Breakdown: Why storms need these three things to form
MEMPHIS, Tenn. (WMC) - Thunderstorms are common in the Mid-South, especially in the Spring and Summer months. This is because of our location. We are relatively close to the Gulf of Mexico and also in an area that frequently sees cold and warm fronts.
In order for storms to form, there must be three ingredients. In the Mid-South, this recipe is usually on the menu several times a month.
1. MOISTURE. As previously mentioned the Gulf of Mexico acts as the moisture source in the Mid-South. On days with multiple thunderstorms, surface winds are out of the south.
2. INSTABILITY. When warm air is at the surface and cooler air is in the air above it, the air will rise. As the air rises and cools, it will eventually condense and form clouds. Thunderstorms will then form within these clouds, if the other ingredients are also present.

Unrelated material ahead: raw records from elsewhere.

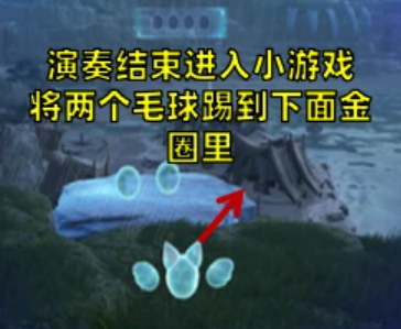 7、演奏结束会进入小游戏,把两个毛球踢到下面的金圈里面
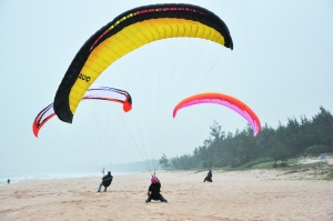 這是一群“斗傘”的人,從他們的如小麥般的膚色不難看出他們對(duì)于陽(yáng)光和沙灘的熱愛(ài),他們手中的滑翔傘在海風(fēng)中像撐滿了的帆,似乎稍一放松,它就會(huì)帶著操縱者乘著風(fēng)向天邊飛去,地上的操縱者則像在與大自然較量,他們把身體重心放到最低,幾乎都要坐在甚至躺在沙灘上。
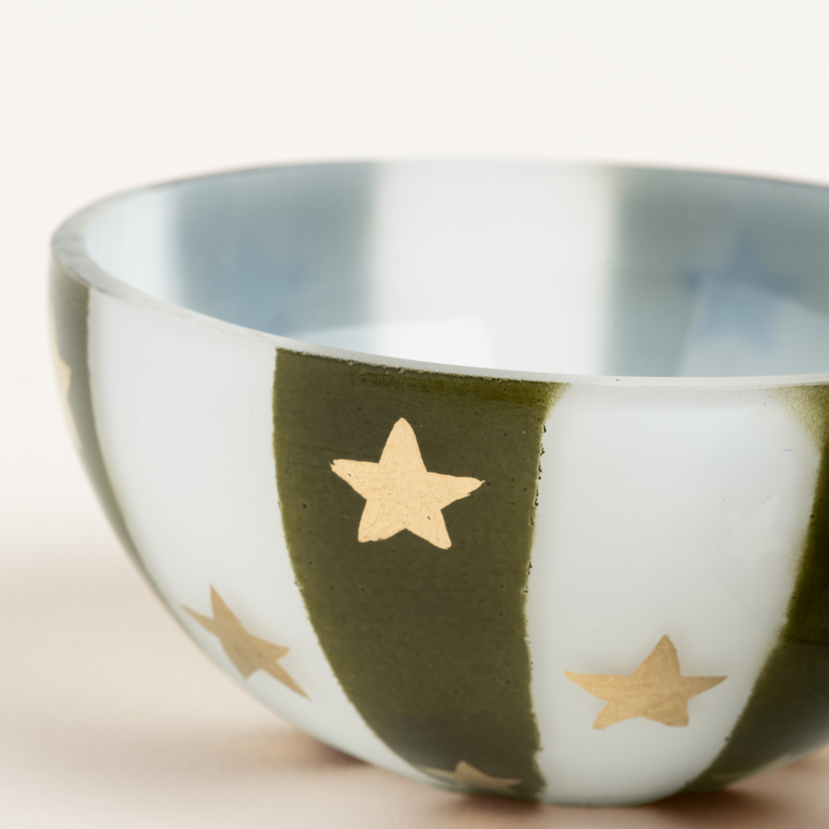 Yıldızlı göklerden ilham alan Aravali cam dekoratif obje, hayatınıza estetik bir zarafet ve özgünlük katacak. Hindistan’ın geleneksel cam işçiliğini modern bir yorumla buluşturan bu el yapımı cam tasarım, altın yıldız desenleri ve yeşilin huzur veren tonlarıyla gökyüzünün sonsuz derinliğini yaşam alanlarınıza taşıyor. El yapımı camın özgünlüğünü taşıyan ve detaylı el boyamasıyla hazırlanan obje, hem masa üstlerinde zarif bir vurgu hem de raflarda dikkat çekici bir odak noktası olarak kullanılabilecek şekilde tasarlandı. Yıldız motifleri, neşenin ve hayal gücünün birer simgesi olarak objeye canlılık katarken, yeşilin sakin tonları dekorasyona dengeli bir dokunuş ekliyor. Evinizde yıldızları parlatmak ve her köşeye anlam yüklemek katmak istiyorsanız Aravali tam size göre!
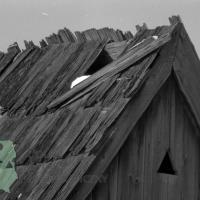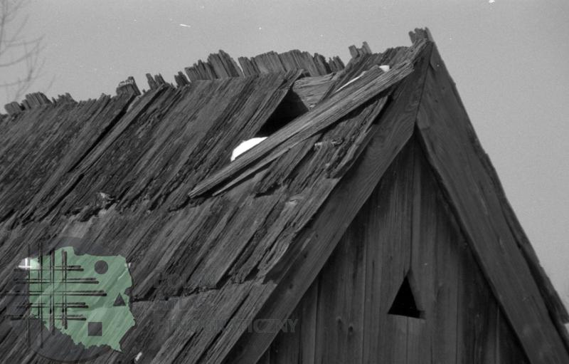 fotografia przedstawia fragment ściany szczytowej drewnianego budynku gospodaczego
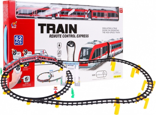 | | Das große Zugset mit Schienen ist für Kinder ab 3 Jahren bestimmt. Das Set besteht aus 62 Elementen, die Streckenlänge beträgt bis zu 396 cm. Der Zug wird mit einer Fernbedienung gesteuert und fährt im oder gegen den Uhrzeigersinn. Der Zug gibt Fahrgeräusche von sich und die vorderen oder hinteren Lichter leuchten je nach Fahrtrichtung. Das Spielzeug wird mit AA-Batterien betrieben – 2 x 1,5 V (Fernbedienung) und 3 x 1,5 V (Zug). | |
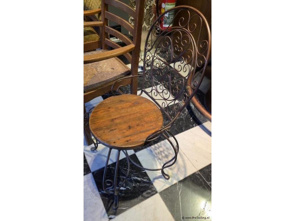 Stoel, ijzer sierwerk met houten zitting
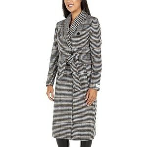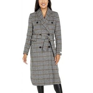 Calvin Klein Houndstooth Double Breasted Wool Women's Walker Coat Size large new

3. LIFT. In order for air to rise, it needs lift. This is achieved in many different ways. When the sun comes out, it will warm the surface, which will create a different air density than the surrounding air. The cooler air around this area will sink, so the warmer air will rise. Fronts, which divide warm/moist air and dry/cold air, also create the spark needed for lift to occur. We typically see storms forming along cold fronts in the Mid-South.
For SEVERE thunderstorms, there must also be a 4th component called shear. This is defined as changes in the winds as you go up in the atmosphere, either in direction or speed. This also provides the “spin” needed for tornado development.